Today, the California Supreme Court issued a troubling, but expected, decision in Long Beach Police Officers Association v. City of Long Beach (Los Angeles Times, Real Party in Interest), Case No. S200872. The ruling requires public entities, upon request, to disclose the names of police officers involved in officer-involved shootings absent a showing that disclosing a particular officer’s name would compromise the officer’s safety or the safety of the officer’s family.
The case arose when the Los Angeles Times made a request, pursuant to the California Public Records Act, for the names of the two Long Beach police officers involved in a December 12, 2010 shooting, as well as the names of all Long Beach officers involved in any officer-involved shooting from January 1, 2005 through December 11, 2010. The trial court and the appellate court ruled that disclosure was mandated by the Public Records Act and that any harm from disclosure to the officers or their family was merely speculative.
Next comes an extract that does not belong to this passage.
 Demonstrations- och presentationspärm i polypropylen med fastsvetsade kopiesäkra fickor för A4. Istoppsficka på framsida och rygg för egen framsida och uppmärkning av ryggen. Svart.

The California Supreme Court agreed. The Court analyzed both the Public Records Act and the Pitchess statutes (Penal Code § 832.5 et seq.) and determined that the “personnel records” of officers, including personal and family information, medical history, election of benefits, as well as matters related to the officer’s advancement, appraisal or discipline, are confidential and may not be disclosed. However, the Court found that the disclosure of officer names only, without revealing any investigatory or disciplinary matter that may arise out of the incident, is not considered a personnel record and is therefore not exempted from disclosure.
The Court rejected the Union’s argument that, because every on-duty shooting is routinely investigated, the details of every such incident (including the names of the officers involved) are records “relating to” officer “appraisal or discipline.” The Court determined that such an interpretation would sweep virtually all law enforcement records into the protected category, a result that the Legislature did not intend. Thus, the Court distinguished between the records of factual information about an incident that must be disclosed with the records generated as part of an internal investigation of an officer in connection with the incident, which generally are confidential.
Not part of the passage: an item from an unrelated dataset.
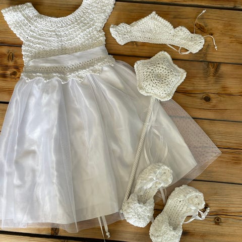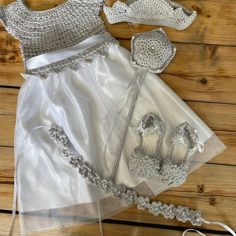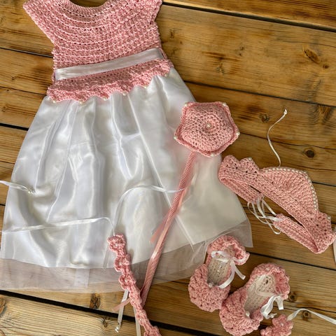 Heklet kjole til fest, barndåpen passer fra 2 til 2,5 år

The Court also dismissed the notion that peace officers have a right to privacy in their identification. Generally, when it comes to the disclosure of a peace officer’s name, the public’s substantial interest in the conduct of its peace officers outweighs, in most cases, the officer’s personal privacy interest. The Court determined that the public’s interest is particularly high with officer-involved shootings because they often lead to injury or harm and there is no countervailing privacy interest on the part of the officer to countermand that.
The Court also discounted the Union’s argument and evidence that disclosing officer names would subject them, and their families, to harm. The Court agreed with the lower court that all the evidence presented by the Union was speculative and that there was no evidence of a specific threat to any of the officers involved in shootings since 2005. The Court did, however, clarify that if there was evidence of a specific threat, an entity could refuse to release an officer’s name but that such analysis would have to be conducted on a case-by-case basis.
Comment: Although expected, this decision is troubling and endangers the safety of peace officers, and their families, across the state. We fully expect media outlets to take advantage of this decision and submit Public Records Act requests for the names of all officers involved in shootings going back decades. Associations should proactively prepare their members for the release of names and work to identify specific threats made against officers that could be used to prohibit disclosure.